7/8/14 Platinum Carbon and Diamine Grey inks, watercolor, Zig markers, Canson XL 140 lb. paper |
Three plaques commemorate the two floating bridges on the
southern end of Lake Washington: one for Lacey V. Murrow, the “dynamic director
of highways” when the first bridge was built in 1960; one for Homer M. Hadley,
pioneering Seattle engineer who designed and proposed the first concrete
floating bridge in 1920 in the face of “skepticism and opposition”; and one
officially designating the bridges a National Historic Civil Engineering
Landmark in 2008. That’s a lot of fanfare in a tiny, tiny park overlooking the
bridges in the quiet Leschi neighborhood, and from an engineering perspective,
I guess the fanfare is deserved.
To me, the fanfare and landmark are more about my childhood,
because the original bridge is what I saw every day from the livingroom and
kitchen windows in the house where I spent my first 24 years a few blocks north of the sketch viewpoint. (In the sketch,
which faces east, it’s the one on the right.) During daylight hours, we knew
about traffic flow or congestion on Interstate 90 long before it was reported. At
night, all we could see were the strings of street lights, headlights and tail
lights floating over the lake’s blackness. Either way, it was a beacon for my
family over the lake we all loved.
In 1989, several years after I had moved out, a parallel
bridge was built just north of the first, expanding the busy I-90 corridor
between Seattle and the Eastside from four lanes to eight.

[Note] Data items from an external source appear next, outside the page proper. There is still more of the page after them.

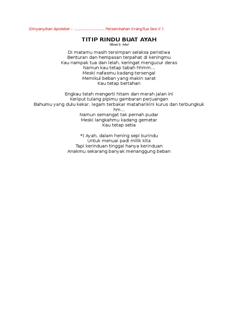 Titip Rindu Buat Ayah Lyrics And Music By Ebiet G Ade Arranged By
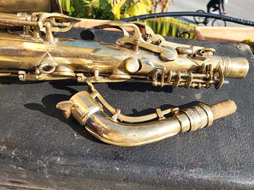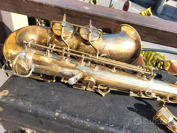 VENDO UN MIO SAX CONTRALTO PERSONALE: CG CONN 6M LADY FACE! MATRICOLA 270915, DEL 1935!! Uno degli anni assolutamente migliori della produzione di sassofoni Conn. STRUMENTO MOLTO RARO, ROLLED TONE HOLES (FORI DEI CAMINI RIGIRATI) E MICROTUNER AL CHIVER, SLACCATO ORIGINALE, NON RILACCATO! IL SAX SUONA MA I CUSCINETTI SONO USATI E NON SI ESCLUDE LA NECESSITA' DI AGGIUSTAMENTI, GRANDE SONORITA' E PROIEZIONE SONORA, TIMBRO POTENTE, COME HANNO SOLO I SAX CONN VINTAGE. MODELLO PROFESSIONALE E ESTREMAMENTE RARO DA TROVARSI. VENDUTO CON LA SUA CUSTODIA VINTAGE ORIGINALE DELL'EPOCA, COME DA FOTO. GRAZIE
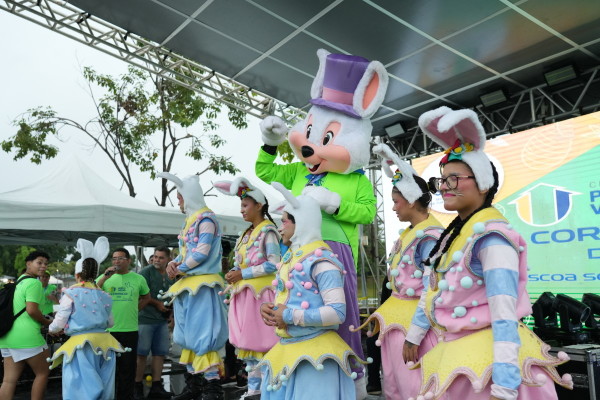Diferente dos adultos, que correram pelas ruas no entorno do parque, as crianças competiram em um percurso montado dentro da própria estrutura do Parque da Cidade. E levaram a disputa a sério, com direito a aquecimento ao lado da turma do Coelhinho da Páscoa, minutos antes da largada.
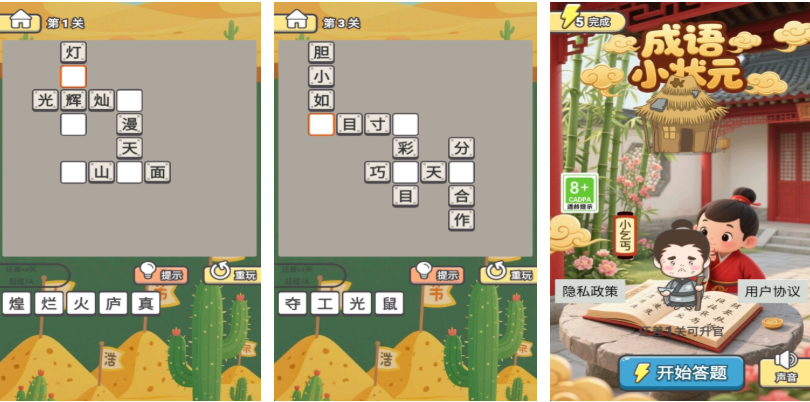 进入本作互动的玩家都有机会成为聪明的成语小状元,游戏所有的关卡模式完全是使用成语互动来运行的,答题方式特立独行再结合消耗体力的设定更显耐玩,玩家要尝试在空格区域写上各种汉字来完成成语,成语接龙的特殊主题带来的休闲气氛更是一绝,无数含义不同的成语知识会给大家提供超高沉浸感。

Time and traffic
march on.
An errand in Leschi this afternoon gave me an opportunity to
visit my old ‘hood and finally make this sketch, which I have wanted to do
since early last year when I saw the Seattle Sketcher’s series of sketches of the bridges.
That's a lot of bridge! I like how you showed the traffic flow in the distance. It must look really pretty at night.